When Parth's parents crashed their motorcycle on an unfinished construction site while riding home from a family celebration, the Delhi teenager could have simply counted his blessings that they weren't seriously hurt. Instead, he wrote code that's solving a problem that kills 20,000 Indians every year.
The 15-year-old Class 11 student at Saint Francis School spent January 2026 building Project Sadak, an AI-powered platform that helps citizens report potholes and actually gets them fixed. What started as one frustrated teenager writing code alone has become something government systems with far more resources haven't managed to achieve: accountability.
Parth first tried the official route, downloading Delhi's Municipal Corporation app to report potholes himself.
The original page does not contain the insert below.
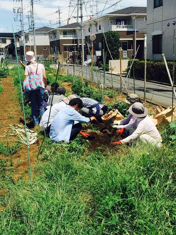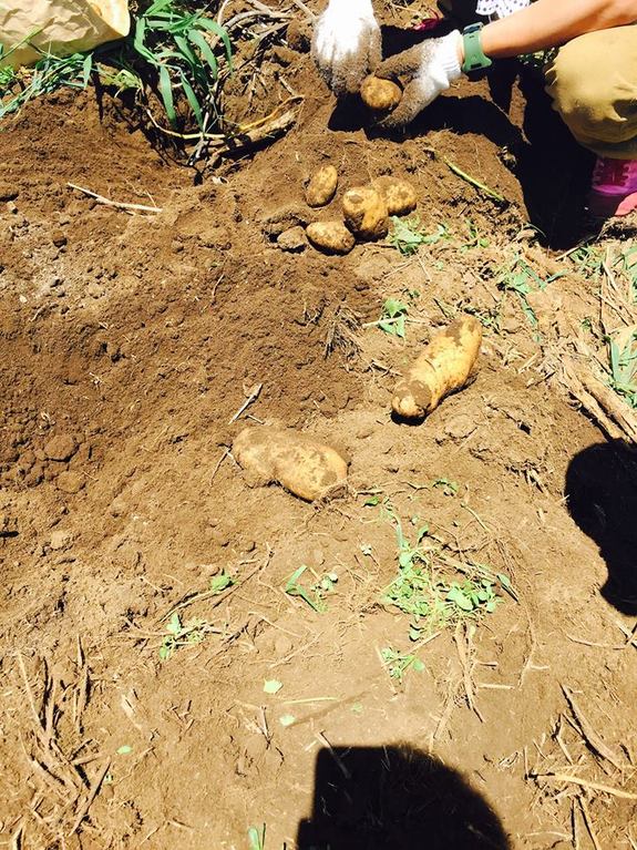 そして、今回のWSのメインイベントは、野瀬さんの畑でのジャガイモ掘りです!掘ったジャガイモはホッカイコガネという品種のものです。野瀬さんの指導のもとみんなでジャガイモを掘り進めていくと、子どもたちが土の中でジャガイモや虫を見つけたことを喜ぶ歓声と、大人たちが黙々と掘り進める真剣な表情が、いつもと違う雰囲気を醸し出していて、とても新鮮でした。暑さも忘れ一生懸命にジャガイモを掘った後には、参加者の皆さんの顔に、達成感と少々の疲れが見えました...。私も小学生以来のジャガイモ掘りで、とても楽しく体験することができました!

The wait times shocked him. "It takes three to four months before you get a reply," he discovered. "By the time authorities respond, the monsoon may have made it worse, or more accidents may already have occurred."
So he built something better from scratch. By mid-February, Project Sadak was live.
The platform's elegance lies in its simplicity. Citizens upload photos of potholes, and AI immediately analyzes whether the image is legitimate, filtering out spam before it clogs the system. If confirmed, the report goes live instantly. If uncertain, it gets flagged for human review.

Users classify severity as high, medium or low, but Parth didn't stop there. His small team verifies each report to ensure accuracy, adding a layer of quality control that makes the data impossible for authorities to dismiss.
The Ripple Effect
What happens next separates Project Sadak from every well-intentioned government app gathering digital dust. Once a report clears verification, Parth's automated system contacts the relevant authorities directly, creating pressure that passive databases never generate.
The results speak louder than any mission statement. Potholes reported through Project Sadak are getting fixed, and they're getting fixed faster than through official channels that were designed specifically for this purpose.
Parth isn't spending his teenage years the way most do. While juggling physics, chemistry, math and computer science coursework, he's preparing to present a research paper at the Society for Study of Artificial Intelligence in the UK this July. His technical skills could have stayed focused on abstract, university-admission-impressing projects.
But personal experience redirected those abilities toward solving a problem he could see and touch. The gap between what existed and what was needed became impossible to ignore. Government systems weren't failing because the technology didn't exist, but because of absent accountability and broken follow-through.
One teenager with a laptop proved that the tools to fix India's infrastructure problems have been available all along. Sometimes it just takes someone who refuses to accept that nothing will change.